She was about to ask him if he would like to be Lucinda’s second godfather when it struck her that Tom ought to be involved in the choice. To pre-empt any discussion about more godparents might make him think that she was taking some kind of revenge for his much smaller unilateral action in sending his own version of the announcement to The Times.
‘He’s said to be pretty ruthless under the charm.’
‘Who?’ she said, completely at a loss.
‘George Roguely. Although he’s not quite such a psychopath as some of his rivals; I mean, he does have a sort of life beyond his work.’
‘Yes,’ said Willow, ‘and a gorgeous wife, too, according to Jane’s paper.’
Richard nodded. ‘He’s said to be utterly devoted to her, and his staff are believed to be equally devoted to him. They hardly ever leave, which speaks well of him. But he’s ruined rivals without compunction and trampled over anyone who gets in his way. Does that help?’
‘I’m not sure.’
As the front doorbell sounded, Richard got to his feet.
‘Another of your admirers, I expect, Willow. I’d probably better be going in any case. I was teasing you, but it is actually rather good to see you looking so … satisfied.’
‘Like a cat with its head in the cream jug?’
His grey eyes crinkled up as he smiled. ‘Just like that. Goodbye, my dear. Don’t lose touch.’
‘Would I? I’m fearfully fond of you.’
‘Ugh. Soppy. But I’m glad all the same. And I think the infant is s’blime.’
‘Thanks, Richard. And thank you so much for the pendant. It’s magnificent and Lucinda will treasure it. Goodbye.’
Surprisingly stirred up by Richard’s visit, Willow rather wanted some time on her own so that she could sort herself out and even pretend that she was the old, secure, single, childless writer for a while. But she heard Mrs Rusham’s voice downstairs, saying: ‘Please go on up, and I’ll follow you with the drinks. I know Mrs Worth has been hoping you would come.’
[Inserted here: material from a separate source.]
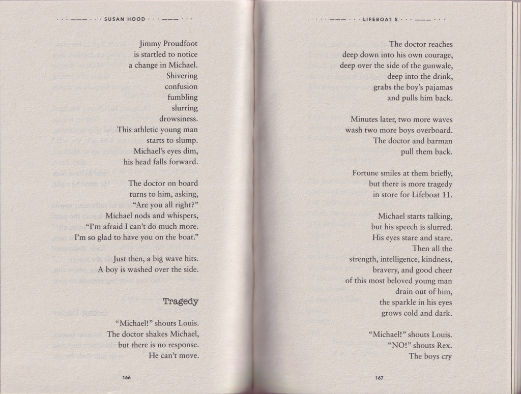 In the wake of Lifeboat 12 comes a “gripping, harrowing” (Publishers Weekly) World War II novel-in-verse by acclaimed author Susan Hood about two very real girls who clung together for dear life when their evacuee ship was torpedoed, their lifeboat capsized, and they spent nineteen hours in the Atlantic Ocean, waiting for rescue.

Then another voice, which Willow easily recognised as Jane Cleverholme’s, said clearly: ‘Great, terrific. Thanks, Mrs Rusham.’
Quickly looking down at her chest to make sure there were still no milk dribbles or unsightly glimpses of the armoured nursing-bra peeking out over the top of her embroidered nightdress, Willow got out of bed to welcome her friend.
‘God, you look well!’
‘And so do you,’ said Willow sincerely.
Jane had always dressed flamboyantly, but that evening she had outdone herself. She was wearing a magnificent, multicoloured Georgina von Etzdorf jacket over a pair of pencil-slim trousers.
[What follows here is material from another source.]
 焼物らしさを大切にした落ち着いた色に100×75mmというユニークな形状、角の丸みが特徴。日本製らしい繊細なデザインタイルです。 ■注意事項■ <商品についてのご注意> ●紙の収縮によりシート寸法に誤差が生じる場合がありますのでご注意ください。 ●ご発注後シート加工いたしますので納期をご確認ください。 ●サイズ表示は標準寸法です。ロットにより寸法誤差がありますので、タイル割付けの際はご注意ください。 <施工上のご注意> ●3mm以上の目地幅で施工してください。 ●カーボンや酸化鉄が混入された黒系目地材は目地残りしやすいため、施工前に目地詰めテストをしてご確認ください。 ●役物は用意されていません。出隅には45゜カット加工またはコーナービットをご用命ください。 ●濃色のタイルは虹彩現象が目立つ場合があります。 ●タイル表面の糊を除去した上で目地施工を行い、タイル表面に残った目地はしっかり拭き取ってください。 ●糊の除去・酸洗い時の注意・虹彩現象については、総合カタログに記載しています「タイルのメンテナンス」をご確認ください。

‘You look frightfully glamorous. What are you up to?’
‘D’you think it’s a bit over the top?’ Jane examined herself in the cheval glass that stood in one corner of Willow’s room. ‘I love it and I’d been lusting after it for weeks, but I didn’t think I could justify it until I was invited to a bash to be given by our esteemed proprietor tonight in his Eaton Square house. I went and bought it today. I want to be noticed.’
‘You will be. But why?’
‘Keep this under your hat, won’t you? The editor’s rumoured to be about to get the boot.’
‘And you’ve got your eye on the job? Jane, that would be terrific. What a step!’
‘I know. I don’t suppose I’m even in the running, but I’ve never been asked to one of these dos before, and there must be a reason. Here’s hoping.’
Willow laughed.
‘A drink? Or would you rather keep your brain sharp for the big chief?’
‘A drink would be great. Just a little one to get me going. You might not believe this, but I’m sweating with terror in my glamorous jacket.’
‘Oh, I
believe you, Jane.’ Willow thought of some of her own odder mood swings. ‘Mrs Rusham will bring up a bottle. Now, tell me everything that’s been going on.’
‘Me? You must be joking. You’ve been on the scene of the most dramatic thing that’s happened in London all month. I want to know all about it.’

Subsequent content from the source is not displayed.